In a spectrum smoothing step 330, the processor 190 smooths the frequency domain spectrum of the masking signal generated in accordance with the components previously discussed. An example input sound signal frequency domain spectrum 332 and corresponding smoothed sound masking signal frequency domain trace 334 is shown in Figure 6. This smoothing may be performed in various ways.

One smoothing method is discussed below with reference to Figures 7 and 8. In Figure 7 an input sound signal frequency domain spectrum (speech) 336 and a smoothed sound masking signal frequency domain spectrum (masking) 338 are shown. In order to smooth a baseline sound masking signal frequency domain spectrum, a model is created whereby its trace and that of the input sound signal frequency domain spectrum 336 are modelled as being physically connected by springs 342 at corresponding frequency band nodes 340. The nodes on the baseline sound masking signal frequency domain spectrum are modelled as masses 343a and the springs 342 modelled as biasing the masses 343a with respect to the input sound signal frequency domain spectrum 336 with a spring force 343b. The baseline sound masking signal frequency domain spectrum is modelled as free to move in accordance with the modelling of the mass 343a positions under the influence of the springs 342 and the modelled application of various other forces illustrated in Figure 8. The trace of the input sound signal frequency domain spectrum 336 is reproduced as it varies over time and is not re-positioned, distorted or otherwise affected by the spring forces 343b or any of the other forces discussed further below.

In the present example the additional forces are a gravity force 344, an inertia force 346, a friction force 348 and a spectrum flex force 350. The inertia force 346 models inertia of the masses 343a as their positions change (e.g. through application of the various forces and/or as the input sound signal frequency domain spectrum changes over time).
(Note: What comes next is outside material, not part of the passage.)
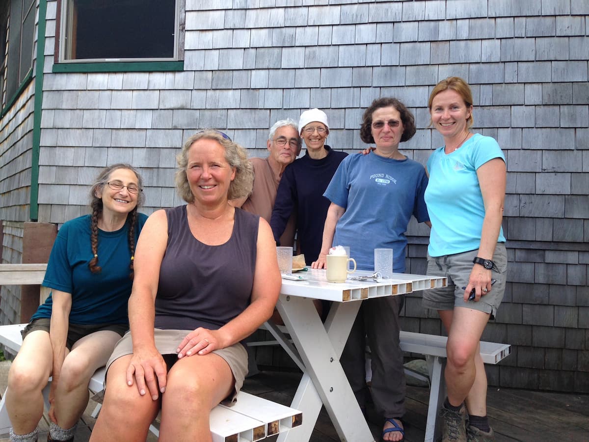Steve and Betsy Corman (center back) with friends at AMC’s Lonesome Lake Hut in 2014, a short time before Betsy’s passing in 2015.

The friction force 348 models frictional forces on the masses 343a as they change position. The spectrum flex force 350 models rigidity between and/or at the nodes 340 of the trace of the baseline sound masking signal frequency domain spectrum. In other embodiments however only one or some of these forces may be modelled and/or additional alternative forces may be modelled. As will be appreciated the magnitude of each modelled force may be tailored in order to achieve a desired smoothing effect. The spectrum flex force 350 could for example be altered to vary the rigidity of the trace of the baseline sound masking signal frequency domain spectrum between and/or at the nodes 340. The direction of the spring force 343b, inertia force 346, friction force 348 and spectrum flex force 350 depicted in Figure 8 are illustrative only. The direction and magnitude of the force exerted by a spring 342 on its corresponding mass 343a will depend on the modelled distance of the mass 343a from the trace of the input sound signal frequency domain spectrum 336 at any given time. Similarly the direction and magnitude of the inertia force 346 will depend on the direction and velocity of mass 343a travel at the given time. The direction of the force exerted by friction will also depend on the direction and velocity of mass 343a travel at the given time. Finally the magnitude and direction of the force exerted on a mass 343a by the spectrum flex force will depend on the positions of the other masses 343a relative thereto at the given time.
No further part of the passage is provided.